▸ Your assignment
Take the line containing "Prepared for delivery" and every line after it to the end of the records, and copy them exactly, excluding pictures.

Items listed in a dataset
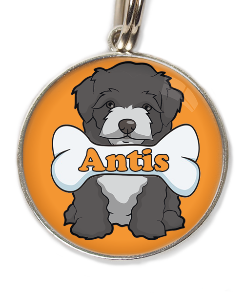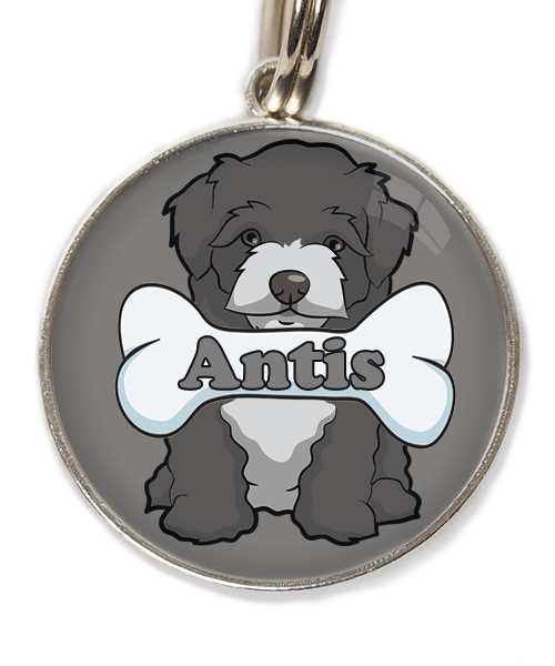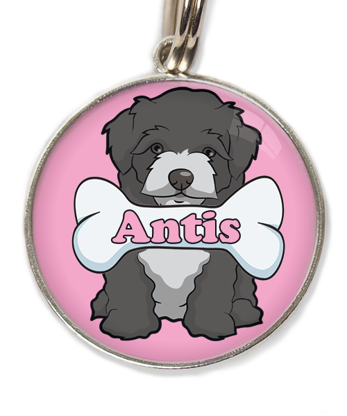 Maltipoo zwart witte snuit met been
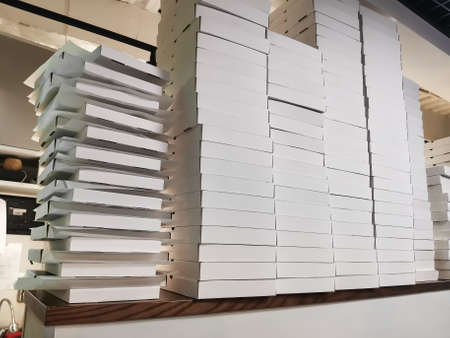 Prepared for delivery cardboard white pizza boxes stacked on a pizza counter. Food delivery, restaurant customer service during a pandemic.
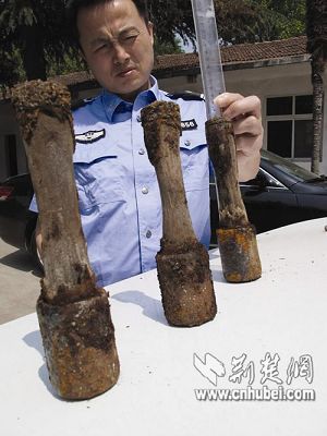 当民警到胡家了解情况时,60多岁的胡婆婆一脸茫然。在征得她的同意后,安陆市公安局治安大队与当地武装部的军械专家一起赶往现场,经过半个多小时的挖掘,在胡婆婆平时睡觉的床下挖出了3枚手榴弹和7发军用子弹(如图)。“真没想到,我在手榴弹上睡了几十年,”胡婆婆吃惊地说。
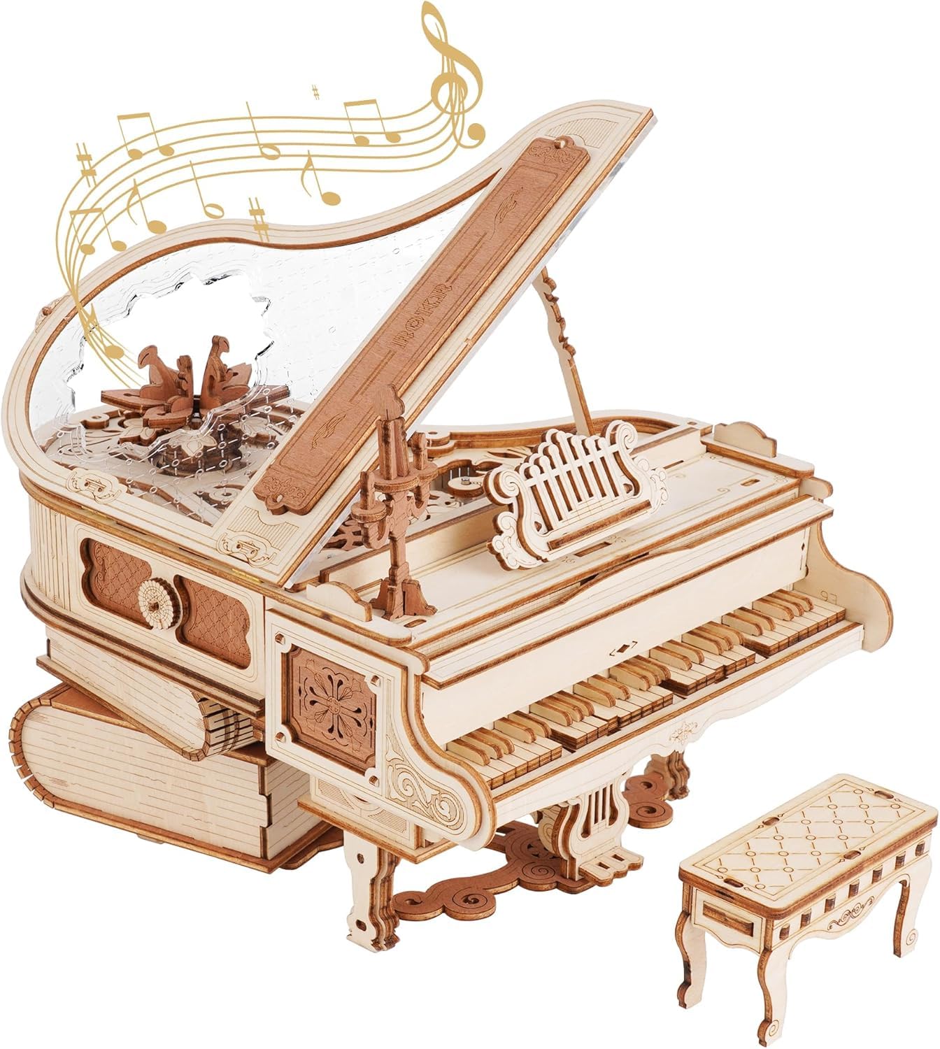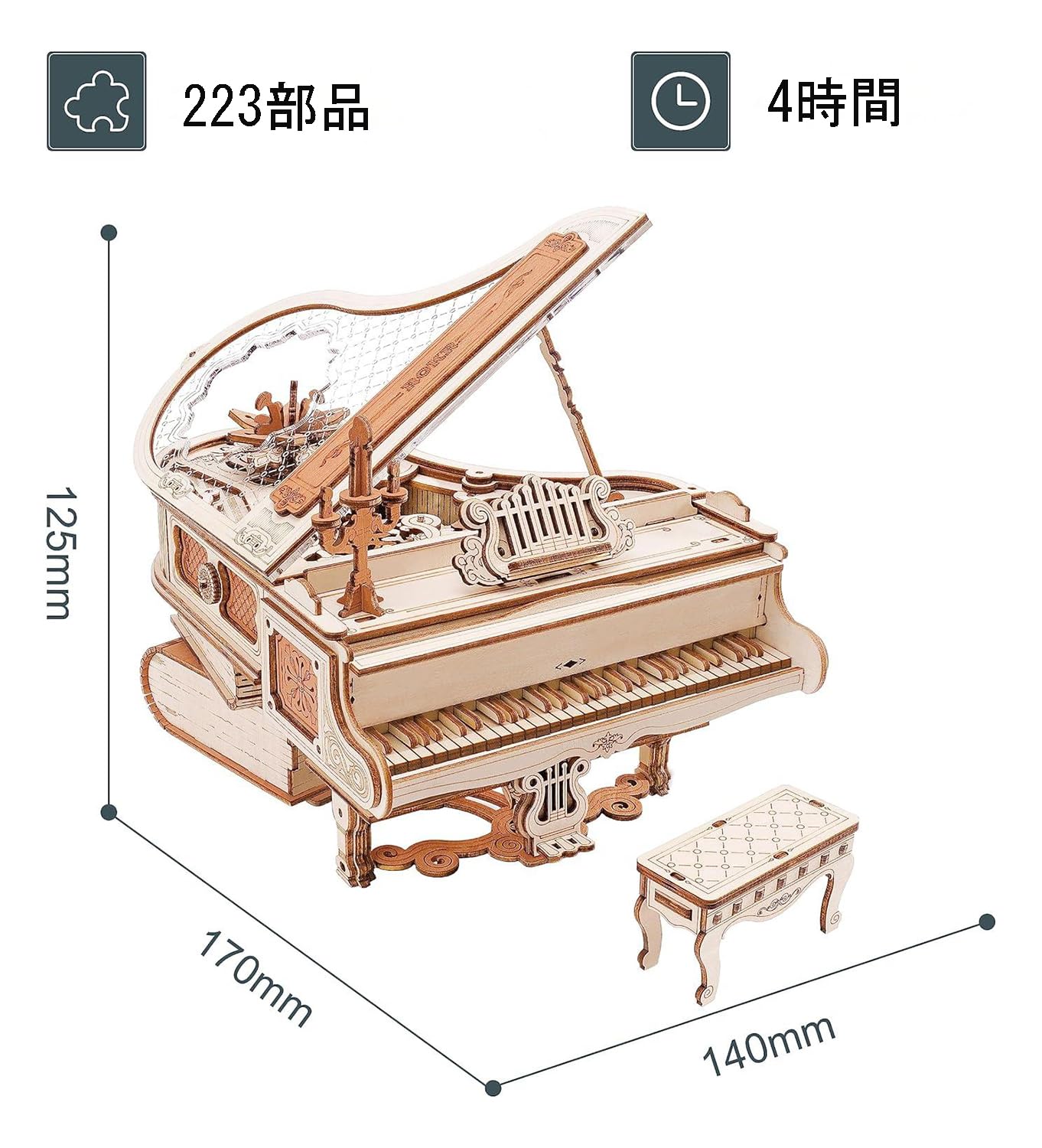 ROKR 立体パズル ピアノ メカニカル オルゴール 自動再生 電池不要 木製 3D ウッドパズル 工作キット DIY クラフト 組み立て モデル 可動式模型 楽器 暇つぶし 知育玩具 大人 女の子 男の子へのギフト フィギュア ディスプレイ
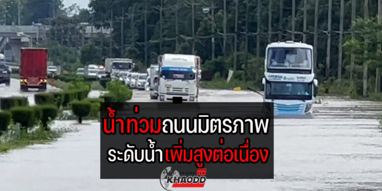 น้ำท่วมถนนมิตรภาพ รถเสียกลางทางหลายคัน รถทัวร์ไปไม่ได้ ปริมาณน้ำสูง 1 เมตร

▸ Response to this exercise
 Prepared for delivery cardboard white pizza boxes stacked on a pizza counter. Food delivery, restaurant customer service during a pandemic.
 当民警到胡家了解情况时,60多岁的胡婆婆一脸茫然。在征得她的同意后,安陆市公安局治安大队与当地武装部的军械专家一起赶往现场,经过半个多小时的挖掘,在胡婆婆平时睡觉的床下挖出了3枚手榴弹和7发军用子弹(如图)。“真没想到,我在手榴弹上睡了几十年,”胡婆婆吃惊地说。
 ROKR 立体パズル ピアノ メカニカル オルゴール 自動再生 電池不要 木製 3D ウッドパズル 工作キット DIY クラフト 組み立て モデル 可動式模型 楽器 暇つぶし 知育玩具 大人 女の子 男の子へのギフト フィギュア ディスプレイ
 น้ำท่วมถนนมิตรภาพ รถเสียกลางทางหลายคัน รถทัวร์ไปไม่ได้ ปริมาณน้ำสูง 1 เมตร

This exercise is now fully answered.